In addition, Executive agrees that, except as required by law or regulation, s/he will not, at any time, discuss publicly (including, without limitation, any member of the media) the terms of Executive’s employment severance (including, without limitation, the terms of this Agreement), except with Executive’s attorneys, immediate family and financial advisors, and to the extent necessary to enforce the terms and conditions of this Agreement or as otherwise required by law, or pursuant to a valid subpoena, discovery notice, demand or request, or Court order or process.

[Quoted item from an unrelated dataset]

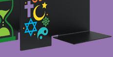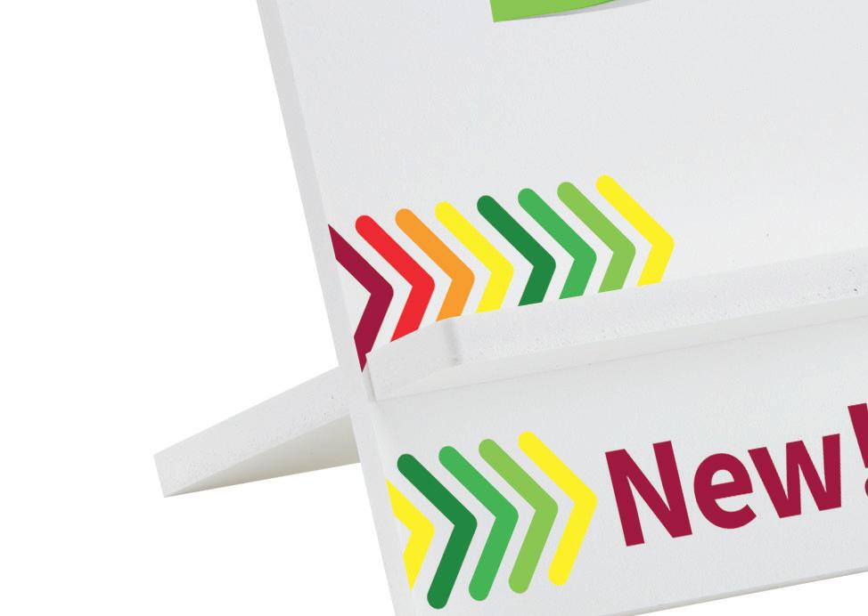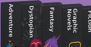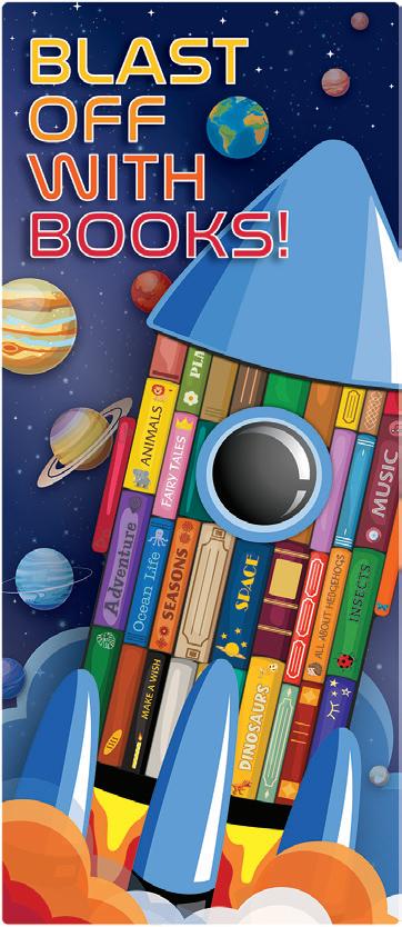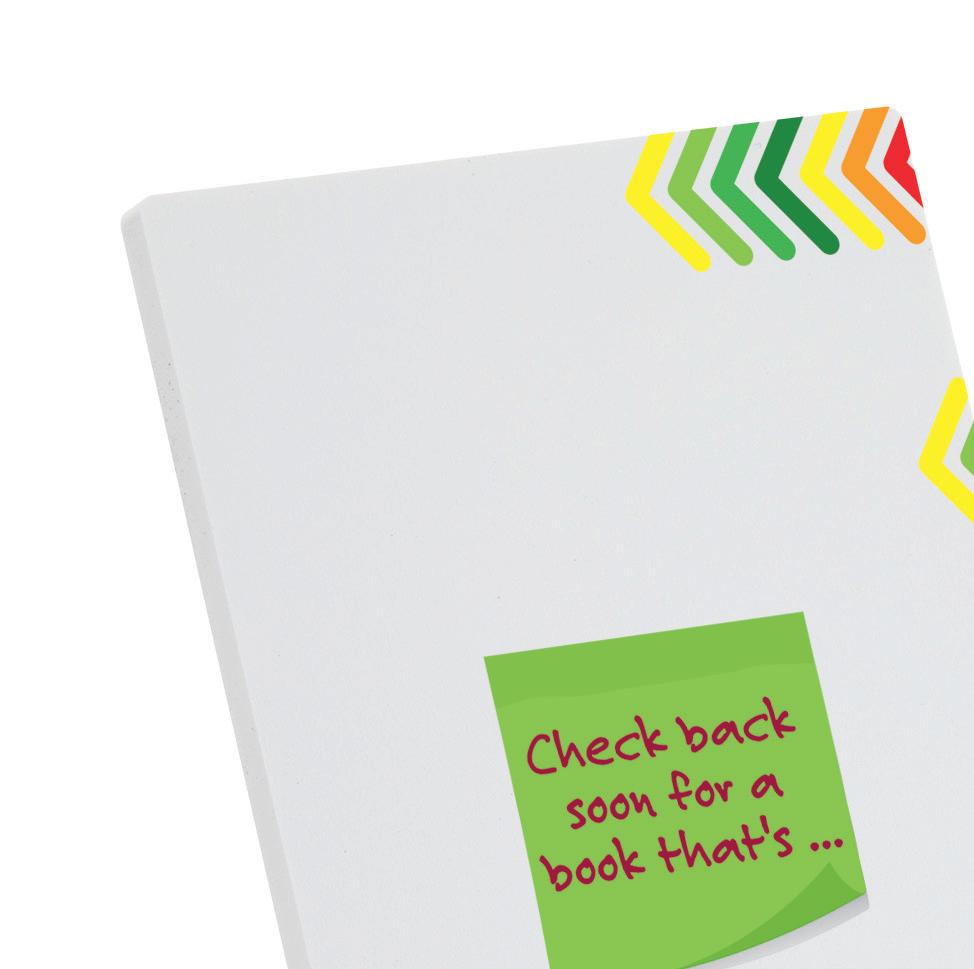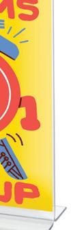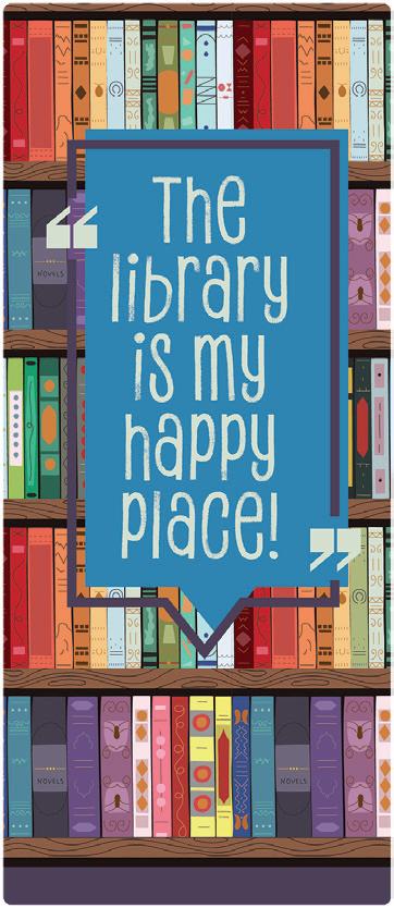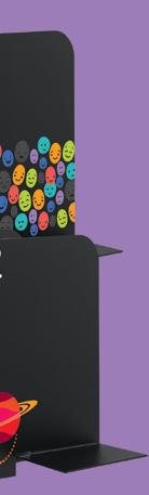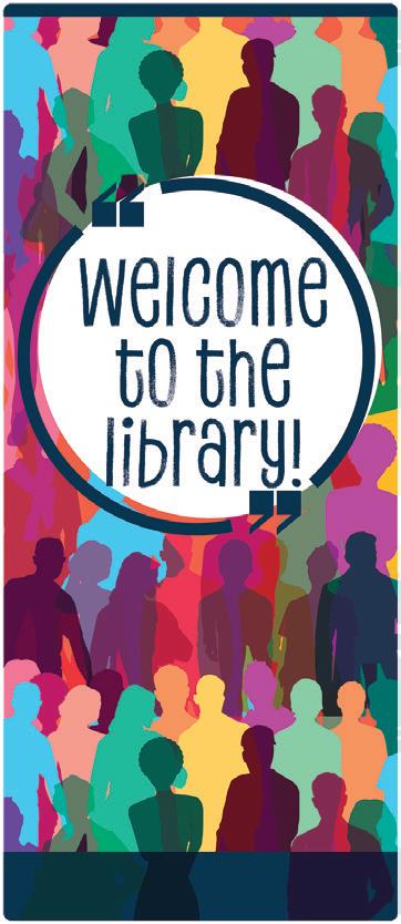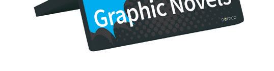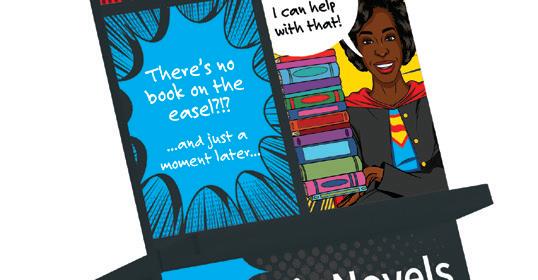 Graphic tabletop easels grab attention when books are displayed and encourage readers to check back later when they’re empty

In the event that Executive breaches this Paragraph 7, Executive shall be required to reimburse Employer the full amount of any Salary Continuation Payments received under this Agreement and shall forfeit any remaining unpaid Salary Continuation Payments. In addition, Employer shall be entitled to preliminarily or permanently enjoin Executive from violating this Paragraph 7 in order to prevent the continuation of such harm.
8.    Return of Company Property. Executive will promptly after the Separation Date return to Employer all reports, files, memoranda, records, computer equipment and software, credit cards, cardkey passes, door and file keys, computer access codes or disks and instructional manuals, and other physical or personal property which s/he received or prepared or helped prepare in connection with his/her employment with Employer, its subsidiaries and affiliates, and Executive will not retain any copies, duplicates, reproductions or excerpts thereof.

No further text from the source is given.